Jensen does not exempt himself from this diagnosis. “That was always a central issue for me. Above all, the question of where I would have been at the time. Would I have become a victim or a follower, even a Nazi supporter? Would I have actually believed myself capable of resistance?” As a writer, he worked on it in three books. Three thrillers, the youngest of which has just been published as an audio book. The volumes with the titles Dead land, dead world and realm of the dead tell the story of detective inspector Jens Druwe.

Inspector Druwe and the Nazis

Druwe is 50 years old and a passionate detective, but he’s just getting stuck as a law enforcement officer in Glücksburg, Schleswig-Holstein. He used to be a deputy detective in Berlin. But he doesn’t want to be there right now. Not in early April 1945, when in the capital of the Reich you could take the subway from the Eastern Front to the Western Front, as soldiers joked at the time. Druwe is a typical North Frisian: rather taciturn, stoic and honest. A mixture unconducive to his career in the Nazi state. He can’t keep his mouth shut, refuses to be a member of the SS, which is the norm for police officers. He is transferred as a punishment, demoted, and loses his right hand on the Eastern Front. Not his only loss: his wife files for divorce because he refuses to pursue a career in the system. He hasn’t seen his son or daughter for a long time.

Actually, Druwe is done with everything. With his work as a criminal anyway. Who knows what will come in the next few months. The war is lost, the British have already advanced far into the northwest. But then a dead man throws Druwe into the center of the political events of the collapsing Nazi state. The disfigured body of the local NSDAP district leader is found in a field. Druwe’s colleagues quickly identified the culprit: an escaped concentration camp convict who was caught nearby. The experienced detective inspector doesn’t believe it for a second. However, the collapse of the Nazi regime is imminent and nobody wants to burn their fingers in the last meters of the murder of a Nazi official. Except Druwe.
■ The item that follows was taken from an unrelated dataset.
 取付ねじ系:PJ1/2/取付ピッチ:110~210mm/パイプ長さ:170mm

This is how Jens Druwe’s personal catharsis begins, during which he faces up to his own responsibility for the Nazi terror and the loss of innocence among his compatriots. Anyone who gets involved in the story not only gets exciting criminal cases, but also a well-researched, living piece of contemporary history and the psychogram of an entire generation.
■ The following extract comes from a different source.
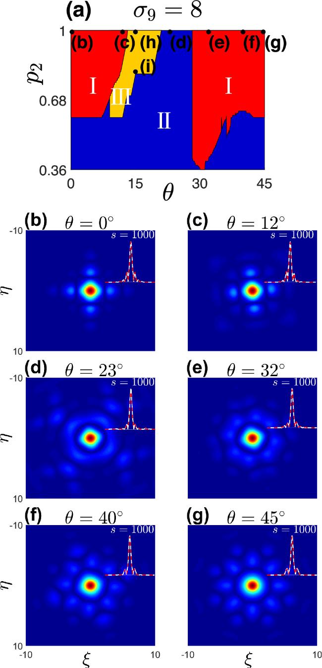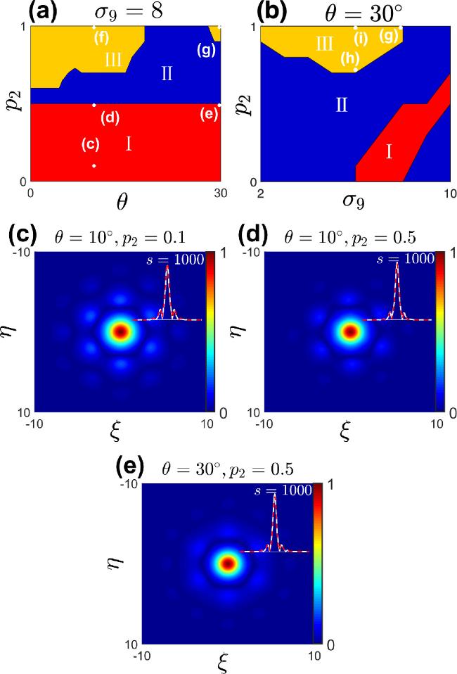 Figure 13. (a-b) When σ9 = 8 and θ = 30°, the various solitons exist different regions. (c-d) When θ = 10° and σ9 = 8, the top-view of the soliton at different p2 is shown, and the insets depicts a comparison of soliton profiles before and after soliton evolution. These solutions correspond to points (c) and (d) in diagram (a). (e)When θ = 30°, σ9 = 8 and p2 = 0.5, the top-view of the soliton is shown, and the insets depicts a comparison of soliton profiles before and after soliton evolution. The solution correspond to points (e) in diagram (a). |

A thriller that no one wants to be

So another crime thriller like the novels by Cay Rademacher or Maximilian Rosar? “I struggled a lot with the crime novel label. For me, it’s novels with crime thriller elements,” Michael Jensen remembers the discussions with the book publisher. As the author, the trauma specialist put his mentally ailing protagonist on the couch.

As if under a magnifying glass, Jensen dissects a period of just four weeks at a time. An exciting trick, because the Nazi state experienced its last days in dull Schleswig-Holstein of all places. In the first part it is the three weeks before and the week after the capitulation. The military pronounced death sentences in court-martials to the very end, Nazi supporters disposed of incriminating material or collected incriminating material about others in order to gain advantages with the Allies after the “lost final victory”. The second volume sheds light on the weeks in May in which the government of Hitler’s successor Karl Dönitz actually believed in Flensburg to be able to continue to govern, even though their sphere of influence only referred to the naval port of Flensburg/Eckernförde. The final volume traces the end of 1945 with the preparations for the war crimes trials in Hamburg and Nuremberg.

Druwe’s story could go on

Michael Jensen is happy about the realization of his novels as audio books with the actor Rolf Berg as narrator. The gnarly voice of the late sixties perfectly embodies the life-scarred Druwe. Even if Rolf Berg is a good ten years older than his alter ego, he could also embody him wonderfully in the film. A dream for Jensen: “I promised Rolf: If Druwe is filmed, then with him in the role.” If perhaps not in the film, the story of Jens Druwe could possibly continue as a book. Michael Jensen could well imagine a prequel 15 years before the events or a sequel 15 years after the end of the war. There was more than enough material.